Atípico para um escritor de filosofia contemporânea, Stiegler não se esquiva de compartilhar suas lutas pessoais: obsessões com a morte, impulsos suicidas, medos da loucura. A esse respeito, seu estilo se assemelha à prosa fortemente acentuada do escritor austríaco Thomas Bernhard. A seguinte passagem é da abertura do romance de Bernhard de 1982, “O sobrinho de Wittgenstein”

Em 1967, uma das incansáveis irmãs de enfermagem do Pavilhão Hermann, no Baumgartnerhöhe, colocou na minha cama uma cópia do meu livro recém-publicado “Gárgulas” […], mas eu não tinha forças para buscá-lo, acabava de chegar de uma anestesia geral com duração de várias horas, durante a qual os médicos abriram meu pescoço e removeram um tumor do tamanho de um punho do meu tórax. […] eu desenvolvi uma face de lua, como os médicos pretendiam. Durante a ronda da enfermaria, eles comentavam minha face de lua de maneira espirituosa, o que me fez rir, embora eles tivessem me dito que eu só tinha semanas, ou no máximo meses, de vida.
E o trecho seguinte é uma das várias admissões confessionais enxertadas na rede rizomática do argumento filosófico de Stiegler:

No início de agosto [2014], vendo-me cada vez mais obcecado pela morte, isto é, pelo que projetei como sendo minha morte, e por esta como minha libertação, acordando todas as noites assombrado por esse desejo suicida, chamei, um tanto aleatoriamente, esta clínica onde eu recebi tratamento. Pedi ajuda urgente, parecendo, pensei, estar sofrendo de algum tipo de demência precoce …

Embora a passagem de Bernhard venha de um romance (ainda que autobiográfico), a comparação é sugestiva.

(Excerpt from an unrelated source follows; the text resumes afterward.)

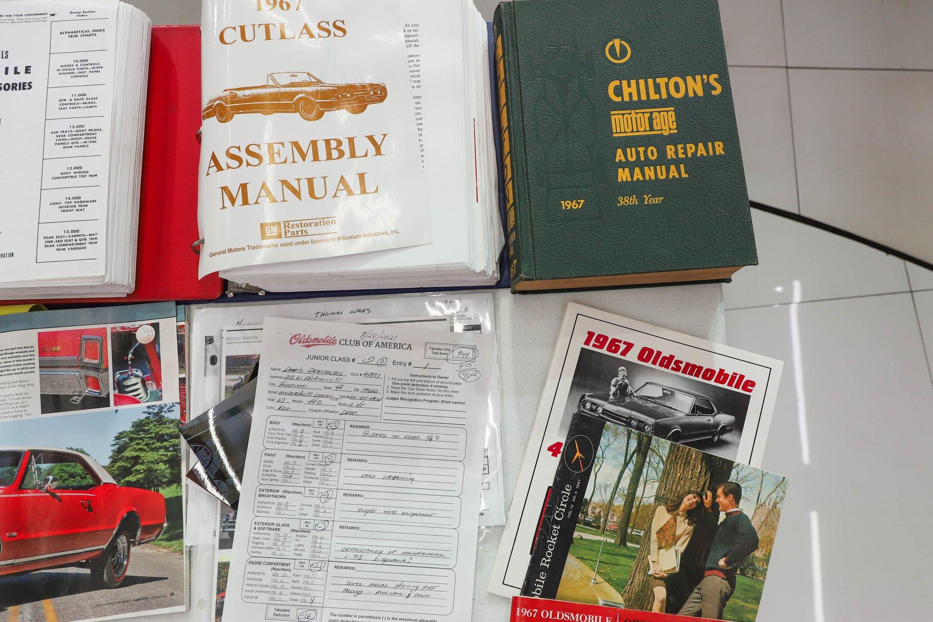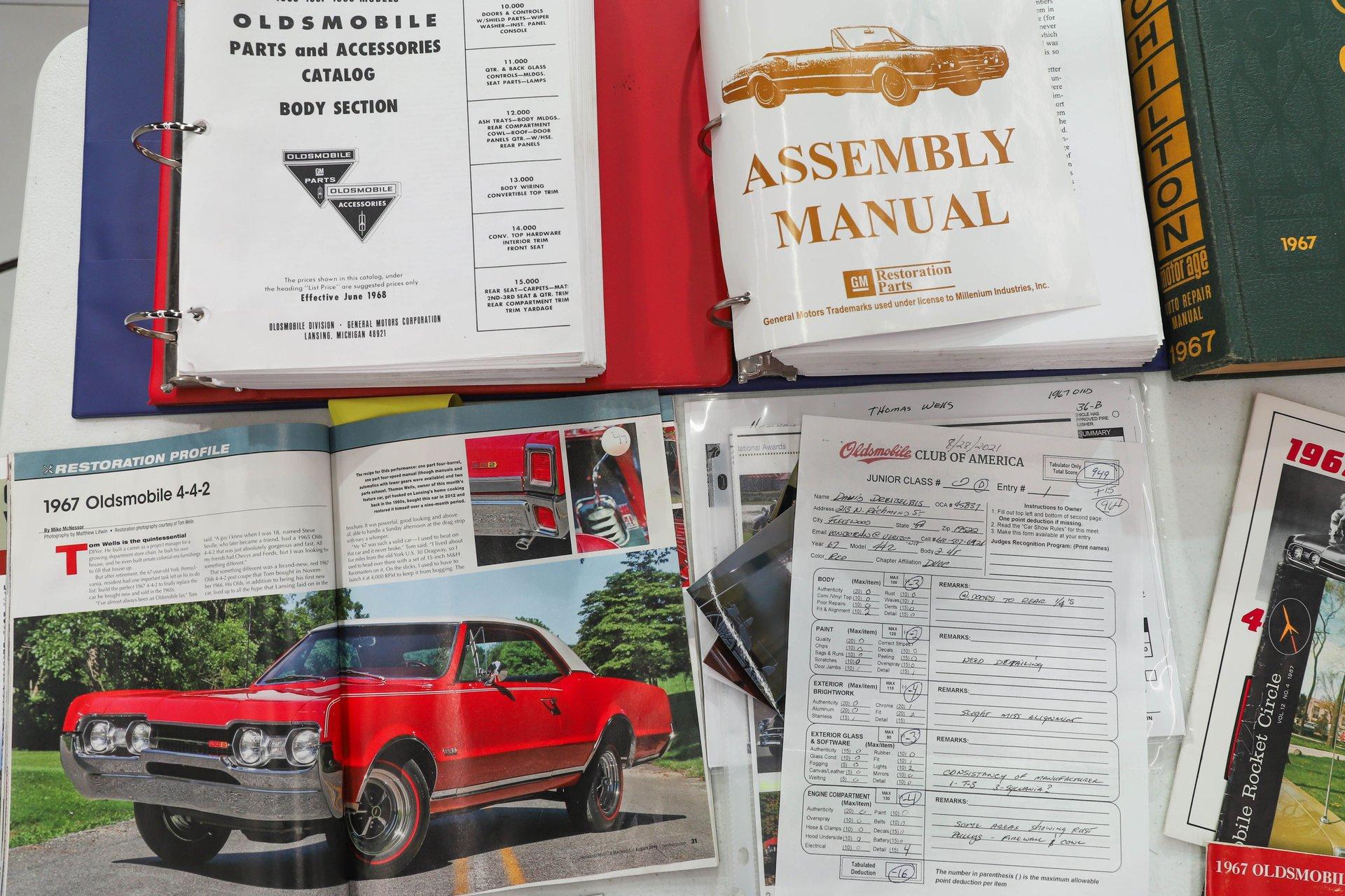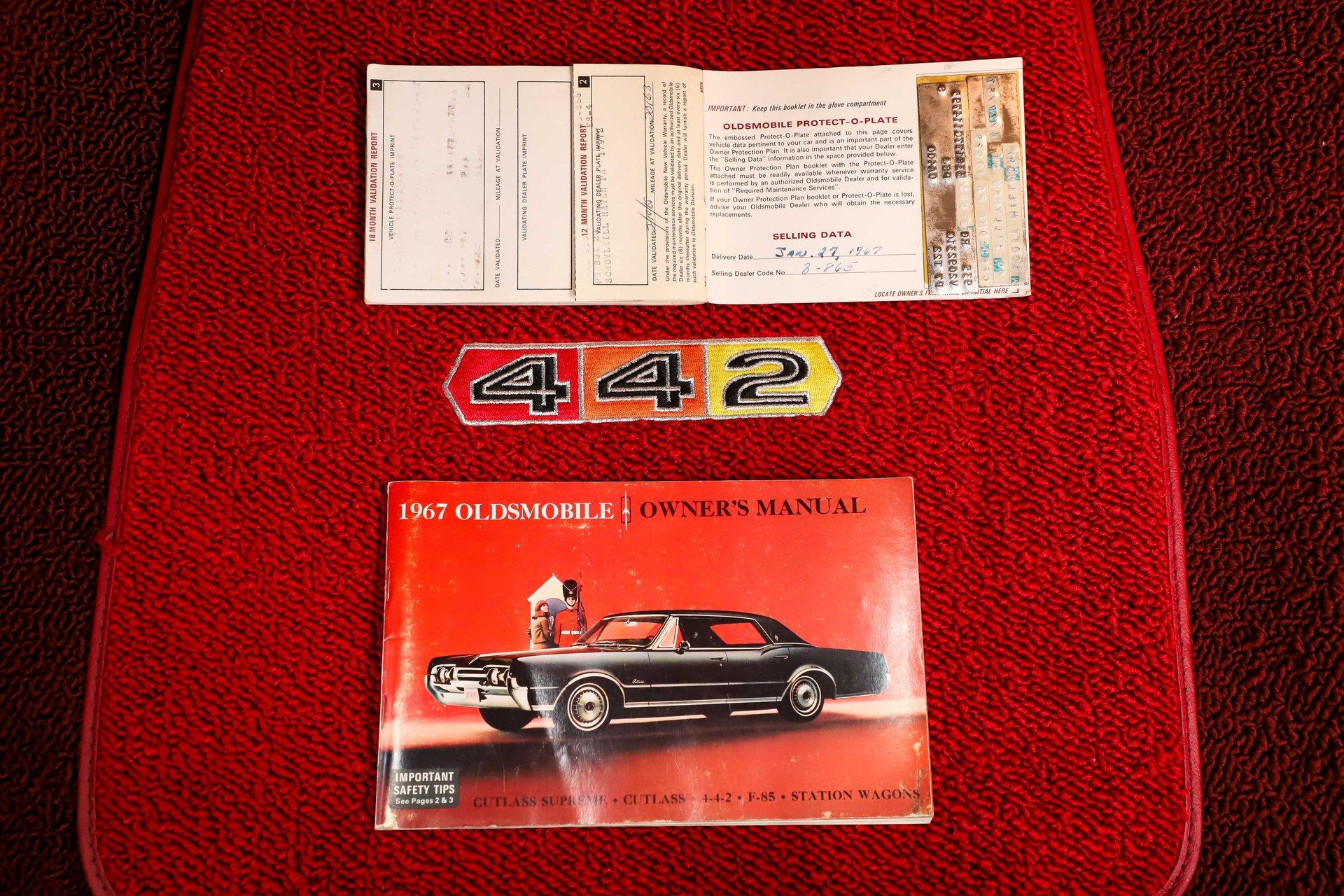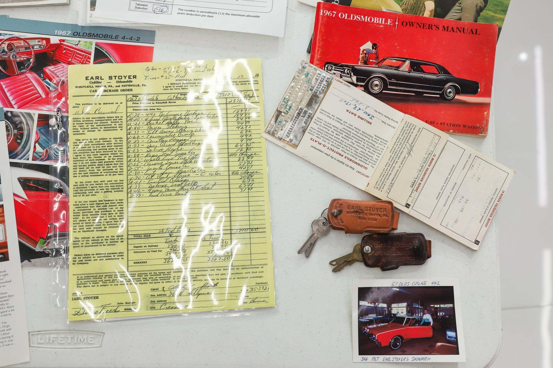 CONCLUSION: This 442 comes with an assortment of extras, including books, shop manuals, the original dealer issued leather key tag, 3 sets of keys, photos of the restoration, and copies of its magazine features. It's not only a highly restored example- it's also everything a muscle car should be with its 400 Ram Air engine, 4-speed, and 3.90 posi! Turn the key, grab a gear, and you'll quickly remember what it's all about.

Stiegler confessa ter tentado e fracassado em escrever ficção durante os primeiros meses de seu encarceramento, produzindo “inúmeras páginas agora perdidas, para contar uma história que nunca assumiu nenhuma forma além do próprio esforço infrutífero de escrever”. Uma frase como essa estaria em casa, em um romance de Bernhard, e se Stiegler tivesse tido sucesso como romancista, ele poderia muito bem ter escrito o tipo de monólogo torturado de frases e motivos obsessivos pelos quais Bernhard se destacava. De fato, Stiegler é atraído por esse tipo de repetição frenética, mesmo em sua exposição filosófica: a invocação árabe, “Inshallah”, é usada várias vezes, e palavras e frases como “ausência de época”, “loucura”, “bárbaros”. etc, recorrem quase como cantos. Mas essa comparação também sinaliza uma diferença fundamental na intenção: enquanto ambos escritores frequentemente voltam-se para pensamentos de morte e finais, Stiegler, apesar de sua propensão a orações portentosas em itálico, permanece comprometido a emergir (em suas palavras) “da energia mortífera do desespero que estamos acumulando em todos os lugares”. O mesmo não se pode dizer de Bernhard, cuja perspectiva era deliberadamente mortífera, como ele poderia dizer.

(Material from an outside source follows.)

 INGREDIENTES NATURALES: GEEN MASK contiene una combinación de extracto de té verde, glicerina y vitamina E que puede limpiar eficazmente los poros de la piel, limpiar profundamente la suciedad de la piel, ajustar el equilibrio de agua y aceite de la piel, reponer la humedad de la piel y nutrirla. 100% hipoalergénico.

Apesar de sua conversa urgente sobre apocalipse, caos e finais épicos, e apesar dos itálicos desenfreados das advertências filosóficas, seus argumentos são enunciados por uma voz humana e compassiva. Como confessa, ele muitas vezes dita seus pensamentos enquanto anda de bicicleta no campo, e sua esposa, Caroline Stiegler, posteriormente transcreve as gravações (só posso assumir que todos esses itálicos são audíveis). A travessia de Stiegler das genealogias filosóficas da racionalidade e da loucura ocidentais e seu desejo de repensar sua composição metaestável em um mundo digital racional demais, dedicado à redução algorítmica de todos os aspectos da existência, permite que o atualmente desaprovado pelo menos se torne pensável. O que Stiegler espera acima de tudo é fazer com que seus leitores “sonhem de novo” – tornem-se tornem politicamente esperançosos (sem as citações assustadoras). As últimas palavras podem ser deixadas para Heráclito:

“Aquele que não espera o inesperado, não o encontrará: ele não pode ser descoberto, enquanto for inacessível”.